**Recorded information**

[Start of section]

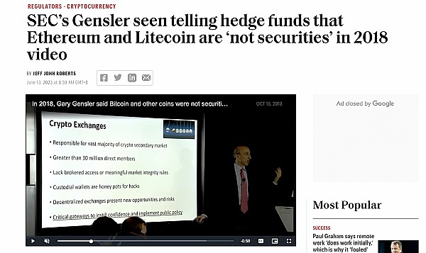 如今,SEC与CEX的战火硝烟已经蔓延到整个加密行业,甚至有人爆出Gary Gensler曾经对于加密货币截然不同的看法。6 月 13 日,据《财富》杂志报道,美国证券交易委员会(SEC)主席 Gary Gensler 曾于 2018 年出席彭博社和富达举办的以加密货币为主题的机构投资者活动时表示,「Bitcoin(BTC)、Ethereum(ETH)、Litecoin(LTC)、Bitcoin Cash(BCH)不是证券。」
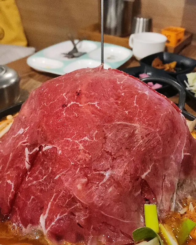높게 쌓아 올려진 신선한 소고기 아래에는 갈비와 각종 야채들이 듬뿍 숨어 있었다. 마치 산처럼 솟아오른 고기 탑은 보는 이로 하여금 감탄을 자아내게 했다. ‘이게 정말 2인분 맞아?’라는 생각이 들 정도로 양이 푸짐했다.
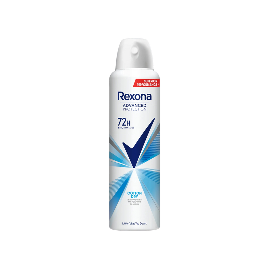 Experience the clean, cottony-fresh feeling of Rexona Women Advance Protection Deodorant Spray Cotton Dry. This lightweight, fast-absorbing antiperspirant spray keeps you dry and odour-free for up to 72 hours with its powerful sweat-fighting formula. Enriched with a cotton-inspired fragrance and powered by MotionSense technology, it activates with every movement to provide continuous freshness. The 0% alcohol, quick-dry formula is gentle on skin and leaves no white marks, making it a perfect everyday deodorant for active women.
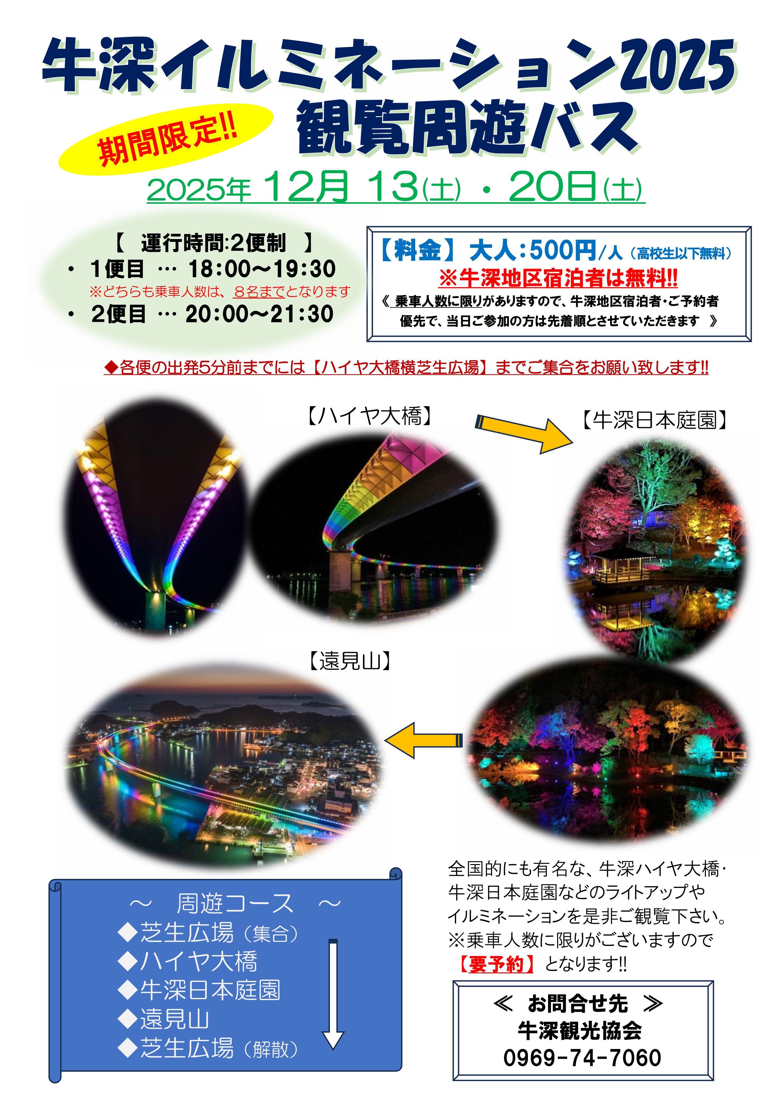 離れた会場に点在する牛深イルミネーションの各会場を巡る観覧周遊バスを期間限定で運行します。

[End of section]

**Directions for this task**
Go through the listing above and quote it exactly, apart from its images.

**Solution for this problem**
 如今,SEC与CEX的战火硝烟已经蔓延到整个加密行业,甚至有人爆出Gary Gensler曾经对于加密货币截然不同的看法。6 月 13 日,据《财富》杂志报道,美国证券交易委员会(SEC)主席 Gary Gensler 曾于 2018 年出席彭博社和富达举办的以加密货币为主题的机构投资者活动时表示,「Bitcoin(BTC)、Ethereum(ETH)、Litecoin(LTC)、Bitcoin Cash(BCH)不是证券。」
높게 쌓아 올려진 신선한 소고기 아래에는 갈비와 각종 야채들이 듬뿍 숨어 있었다. 마치 산처럼 솟아오른 고기 탑은 보는 이로 하여금 감탄을 자아내게 했다. ‘이게 정말 2인분 맞아?’라는 생각이 들 정도로 양이 푸짐했다.
 Experience the clean, cottony-fresh feeling of Rexona Women Advance Protection Deodorant Spray Cotton Dry. This lightweight, fast-absorbing antiperspirant spray keeps you dry and odour-free for up to 72 hours with its powerful sweat-fighting formula. Enriched with a cotton-inspired fragrance and powered by MotionSense technology, it activates with every movement to provide continuous freshness. The 0% alcohol, quick-dry formula is gentle on skin and leaves no white marks, making it a perfect everyday deodorant for active women.
 離れた会場に点在する牛深イルミネーションの各会場を巡る観覧周遊バスを期間限定で運行します。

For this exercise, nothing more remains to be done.